Reputation: 1048
df_tier
device_id month_id net_grp watch_hours class
843 201707 TCH 0.250277 Ser
896 201803 NJV 0.820833 Ser
748 201711 SHX 2.461111 Sr
115 201712 SPE 1.478055 Opter
107 201802 US 2.575555 Opter
249 201710 ECC 3.869166 Ser
786 201711 NCK 0.563888 Opter
183 201802 HO 1.690555 Opter
752 201712 LC 0.993611 Opter
I am doing a pivot operation on a dataset, the end result will contain around 5 million rows and 600 columns. Above is a sample of the data from which the pivot is created.
#Pivot
df_tier.pivot_table(index=['device_id'],
columns = 'net_grp',
values = 'watch_hours',
aggfunc = sum,fill_value = 0).reset_index()
this operation on a sample of 200000 records takes around 93.7 ms and when I do group by as below:
#Grouby
df_tier.groupby(['device_id','net_grp']).agg({'tuning_hours':['sum']}).unstack(level='net_grp').fillna(0).reset_index().set_index('device_id')
that takes around 15ms.
However the output of pivot is more usable as it contains proper column names whereas the one from groupby :
The column names in group by are not proper,
(watch_hours
,sum
,TCH
),(watch_hours
,sum
,SPE
),(watch_hours
,sum
,NCK
)
How do I get only the net_grp
say TCH
from these as column names?
I want to use groupby here because of performance issues when I run on the whole data.

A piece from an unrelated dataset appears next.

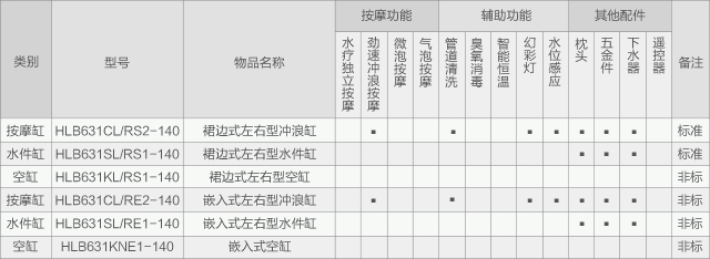 恒潔HLB631系列嵌入式按摩缸
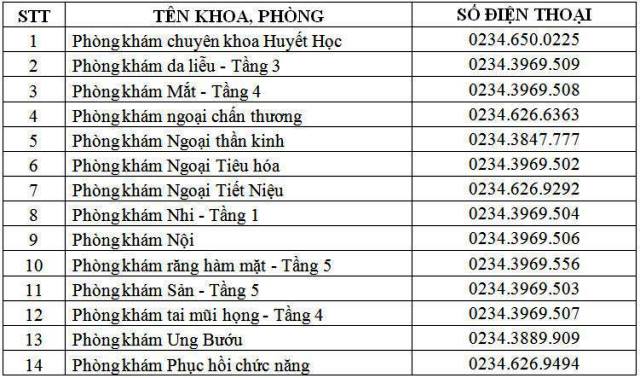 Ngoài số tổng đài, Bệnh viện Trường Đại học Y dược Huế cung cấp số điện thoại của các phòng khám chuyên khoa thuộc bệnh viện để người có nhu cầu liên hệ

Can someone please help me to get the column names properly?
Thanks
Upvotes: 2
Views: 1253
Reputation: 863166
I suggest use sum
instead agg
what remove first and second unnecessary level from Multiindex
in columns:
df1 = (df_tier.groupby(['device_id','net_grp'])['watch_hours']
.sum()
.unstack(level='net_grp', fill_value=0))
print (df1)
net_grp ECC HO LC NCK NJV SHX \
device_id
107 0.000000 0.000000 0.000000 0.000000 0.000000 0.000000
115 0.000000 0.000000 0.000000 0.000000 0.000000 0.000000
183 0.000000 1.690555 0.000000 0.000000 0.000000 0.000000
249 3.869166 0.000000 0.000000 0.000000 0.000000 0.000000
748 0.000000 0.000000 0.000000 0.000000 0.000000 2.461111
752 0.000000 0.000000 0.993611 0.000000 0.000000 0.000000
786 0.000000 0.000000 0.000000 0.563888 0.000000 0.000000
843 0.000000 0.000000 0.000000 0.000000 0.000000 0.000000
896 0.000000 0.000000 0.000000 0.000000 0.820833 0.000000
net_grp SPE TCH US
device_id
107 0.000000 0.000000 2.575555
115 1.478055 0.000000 0.000000
183 0.000000 0.000000 0.000000
249 0.000000 0.000000 0.000000
748 0.000000 0.000000 0.000000
752 0.000000 0.000000 0.000000
786 0.000000 0.000000 0.000000
843 0.000000 0.250277 0.000000
896 0.000000 0.000000 0.000000
If want use solution with agg
is possible remove first and second level by droplevel
:
df1 = (df_tier.groupby(['device_id','net_grp'])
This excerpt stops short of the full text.